Political short-termism and a failure to set a clear strategy for a mass higher education system are among the key worries of Australian university leaders, according to a major report seen as relevant for other nations’ sectors.
Australian Universities at a Crossroads: Insights from their Leaders and Implications for the Future, based on interviews with 117 university and policy leaders, explores the impact of the major turbulence in the country's higher education policies in recent years. A variety of plans have emerged from successive Liberal-led governments to raise fees and cut funding, the latest of which may again not make it through Parliament.
In one section of the survey, respondents rated the importance they assigned to 32 issues. Internationalisation, student learning outcomes, addressing the needs of society and strategic planning “were rated most important for the future of the system”, the report says.
In response to open-ended questions, “numerous leaders raised the need to review and restructure the sector to diversify institutional goals and functions and to seriously consider merging and/or reducing the number of institutions”, the report notes.
One respondent, a senior vice-chancellor, said: “Australia has too many universities for its population.”
Meanwhile on policy, a vice-chancellor from a university in the Group of Eight – which represents research-intensive institutions – said: “The lack of a bipartisan agreement on education being a national priority has been an immense frustration.”
Australia has a system of income-contingent loans and uncapped student numbers similar to England. Another respondent to the study complained that issues around massification have been “left to student choice and so called markets", rather than being the responsibility of a government endeavouring to ensure public good. "What are we producing here? Are we prepared to let certain disciplines fade away? Who has responsibility for the national interest?” the respondent added.
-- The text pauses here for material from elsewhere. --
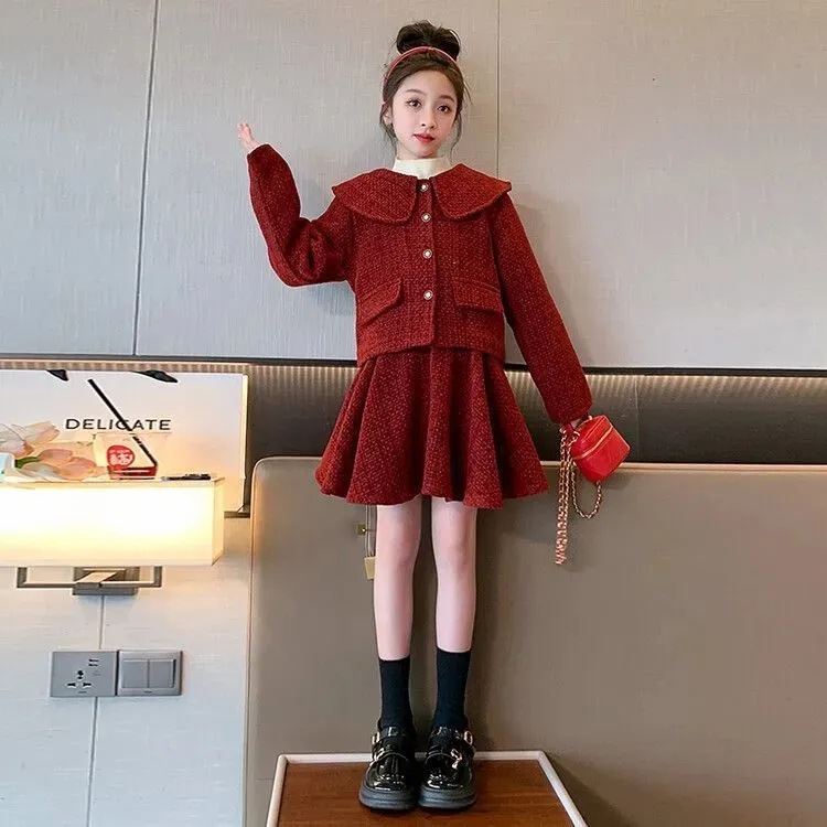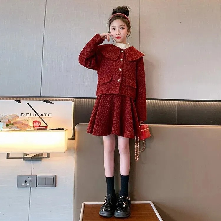 女童套装裙秋冬新款洋气时髦中大童加厚拜年衣服小香风外套

A Group of Eight vice-chancellor said: “I think our trajectory is pretty similar to public universities in the United States and in the UK and Canada so I don’t think there is anything special about us. Government is reluctant to pay the cost of massive expansion.” Australian universities would consequently rely on international student numbers, and on borrowing for the capital spending needed to maintain institutions, the interviewee continued.
“That is taking us into a very different world: little government income, total reliance on fees, highly geared – so a really disruptive technology could be fantastically difficult to manage in those circumstances,” the vice-chancellor added.
One former institutional leader criticised vice-chancellors over their initial backing for the government's plans to deregulate fees, which were later abandoned, saying they had "lost any moral compass" as a group.
The study's lead authors were William B. Lacy, professor of sociology at the University of California, Davis and affiliated professor at the Center for Studies in Higher Education at the University of California, Berkeley, and Gwilym Croucher, senior lecturer at the Centre for the Study of Higher Education, University of Melbourne.
Professor Lacy told Times Higher Education that the Australian system faced “internal issues...as well as significant external changes, including the global neoliberal transformation of higher education". "Unless successfully addressed, these developments and challenges may inhibit Australian universities from continuing to perform above expectations and as global leaders," Professor Lacy said.
“A big lesson from the report is that leaders across Australian higher education, government and the academy agree it is no longer good enough to look only to the next few years," Dr Croucher added. "A long-term strategic view over the next 15-20 years is unavoidable if universities are to continue to thrive."